#### REQUIRED WORK:
Whenever the word "members" turns up in a line below, that line should be copied.

#### DATA LISTING:
= Beginning of Section =

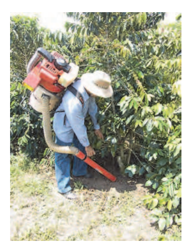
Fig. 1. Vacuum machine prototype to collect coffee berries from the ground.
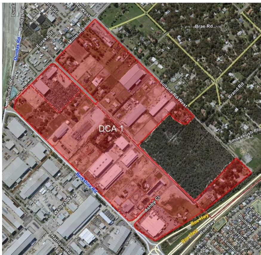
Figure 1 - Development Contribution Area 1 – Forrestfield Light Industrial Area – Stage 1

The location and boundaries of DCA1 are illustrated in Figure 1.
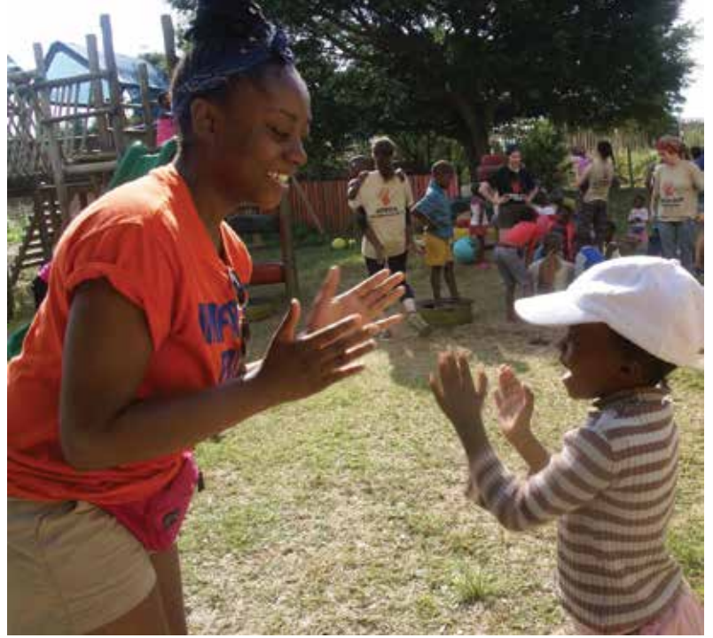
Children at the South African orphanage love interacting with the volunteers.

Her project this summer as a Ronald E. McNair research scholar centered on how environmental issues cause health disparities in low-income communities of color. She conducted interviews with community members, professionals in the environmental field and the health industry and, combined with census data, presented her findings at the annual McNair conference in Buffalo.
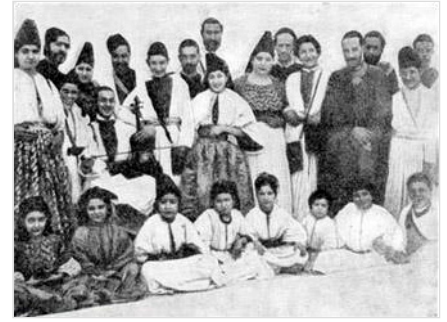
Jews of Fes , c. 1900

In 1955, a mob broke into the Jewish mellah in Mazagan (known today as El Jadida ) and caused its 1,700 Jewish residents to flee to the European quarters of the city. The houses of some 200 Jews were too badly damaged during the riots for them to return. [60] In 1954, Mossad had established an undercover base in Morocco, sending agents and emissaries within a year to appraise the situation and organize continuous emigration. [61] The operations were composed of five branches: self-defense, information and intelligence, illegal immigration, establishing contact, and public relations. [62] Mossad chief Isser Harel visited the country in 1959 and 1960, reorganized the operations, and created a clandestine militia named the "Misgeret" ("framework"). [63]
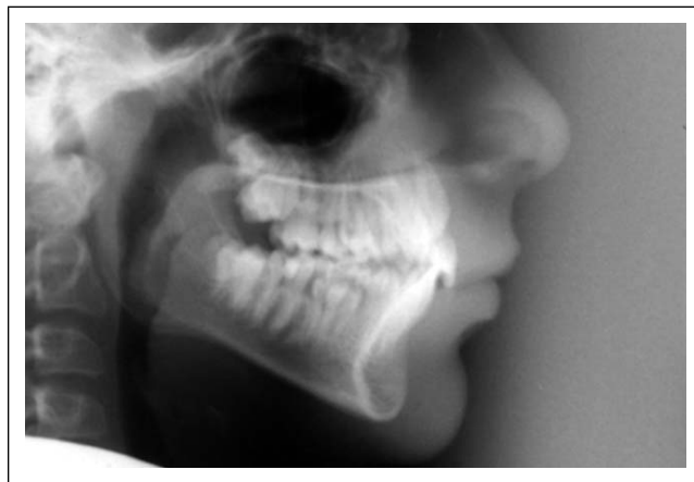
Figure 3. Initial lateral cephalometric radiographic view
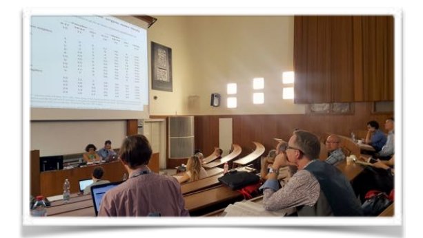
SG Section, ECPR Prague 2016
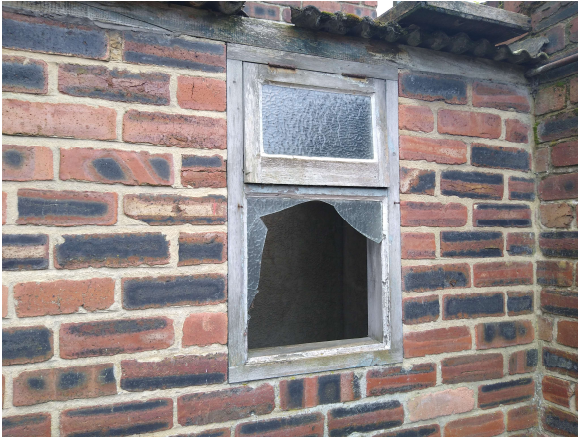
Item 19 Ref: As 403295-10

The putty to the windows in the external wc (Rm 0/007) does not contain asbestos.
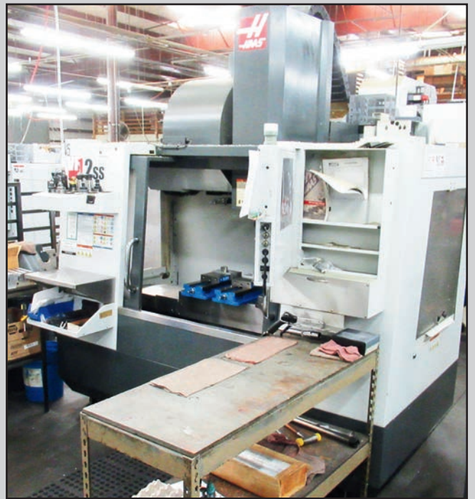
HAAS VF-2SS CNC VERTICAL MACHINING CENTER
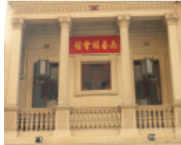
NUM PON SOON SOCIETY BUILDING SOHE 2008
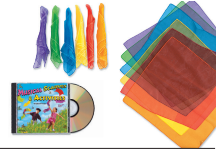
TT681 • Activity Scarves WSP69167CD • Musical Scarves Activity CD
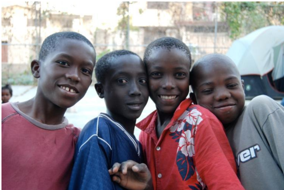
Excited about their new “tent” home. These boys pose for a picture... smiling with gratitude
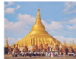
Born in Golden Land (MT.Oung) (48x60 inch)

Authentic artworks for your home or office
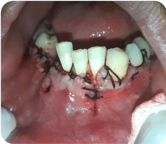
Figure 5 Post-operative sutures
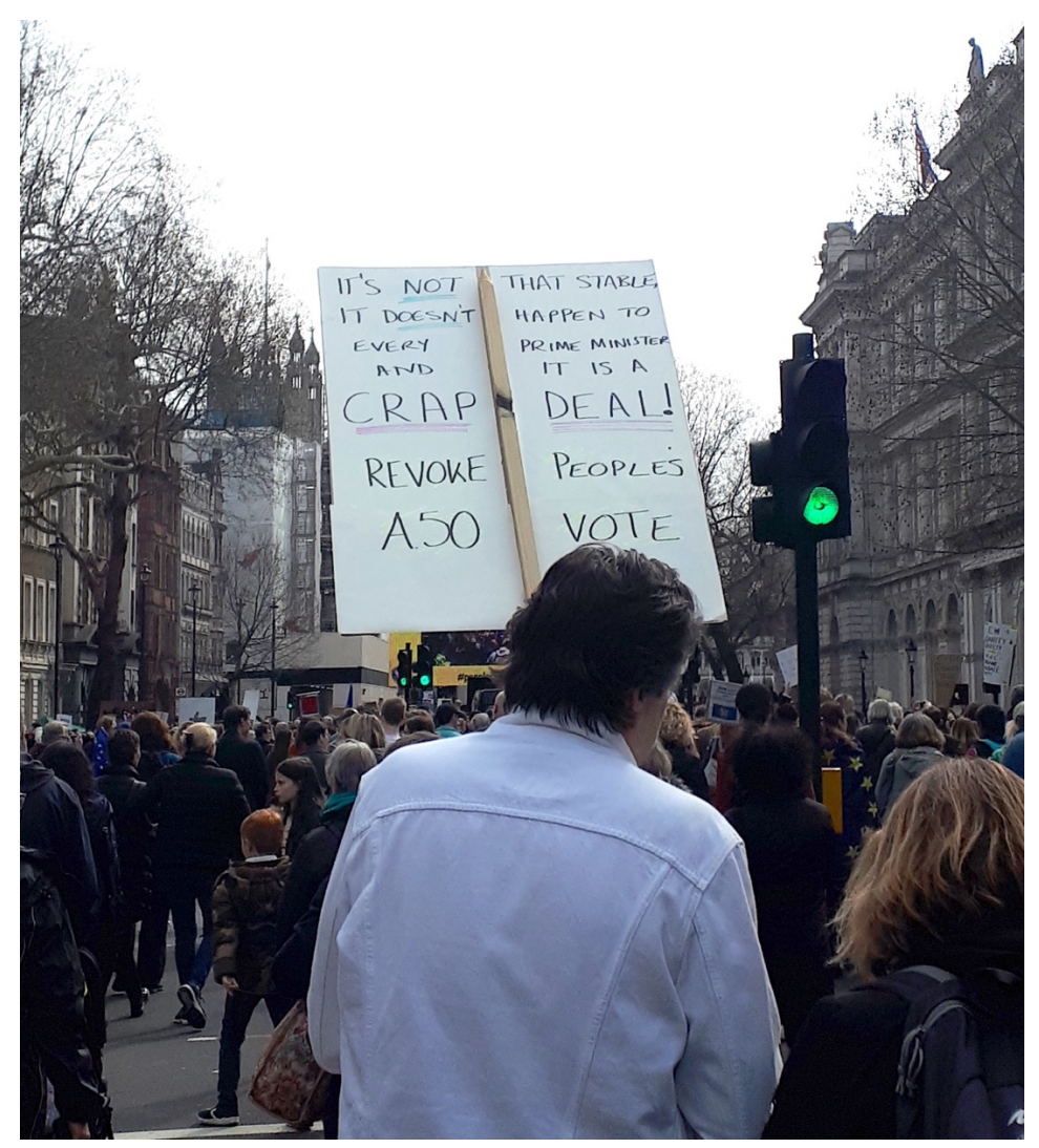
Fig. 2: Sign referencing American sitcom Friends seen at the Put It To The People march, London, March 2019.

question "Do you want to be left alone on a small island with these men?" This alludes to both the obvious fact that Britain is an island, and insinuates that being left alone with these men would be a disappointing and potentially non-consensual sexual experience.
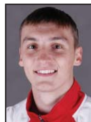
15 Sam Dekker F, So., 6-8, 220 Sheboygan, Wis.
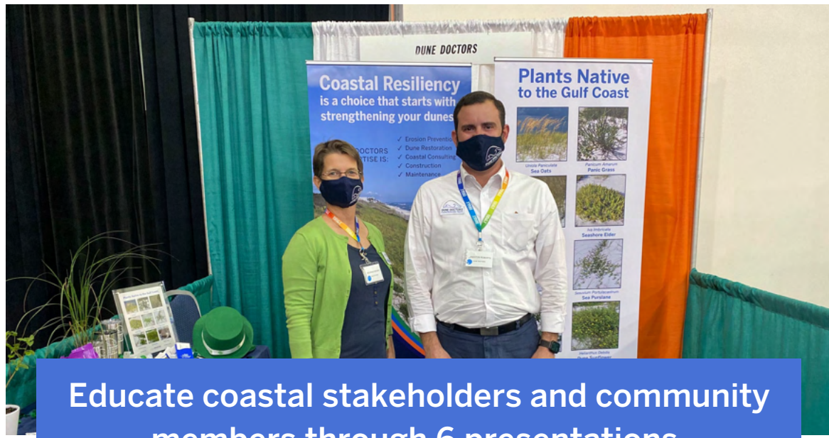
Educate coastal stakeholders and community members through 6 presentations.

= End of Section =
= Beginning of Section =

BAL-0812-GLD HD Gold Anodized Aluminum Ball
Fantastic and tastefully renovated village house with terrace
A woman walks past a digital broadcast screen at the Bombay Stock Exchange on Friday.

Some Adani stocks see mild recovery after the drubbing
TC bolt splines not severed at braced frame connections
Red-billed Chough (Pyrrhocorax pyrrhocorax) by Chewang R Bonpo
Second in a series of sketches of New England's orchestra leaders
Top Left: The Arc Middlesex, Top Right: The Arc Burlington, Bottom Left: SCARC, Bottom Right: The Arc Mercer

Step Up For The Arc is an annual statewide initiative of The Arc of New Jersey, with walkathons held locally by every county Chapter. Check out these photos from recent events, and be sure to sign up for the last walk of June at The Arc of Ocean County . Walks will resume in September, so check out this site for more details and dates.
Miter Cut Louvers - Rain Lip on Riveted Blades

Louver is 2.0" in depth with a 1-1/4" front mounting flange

= End of Section =
= Beginning of Section =

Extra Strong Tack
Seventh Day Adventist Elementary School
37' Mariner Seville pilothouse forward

= End of Section =

#### RESULT OF THE EXERCISE:
Her project this summer as a Ronald E. McNair research scholar centered on how environmental issues cause health disparities in low-income communities of color. She conducted interviews with community members, professionals in the environmental field and the health industry and, combined with census data, presented her findings at the annual McNair conference in Buffalo.
Educate coastal stakeholders and community members through 6 presentations.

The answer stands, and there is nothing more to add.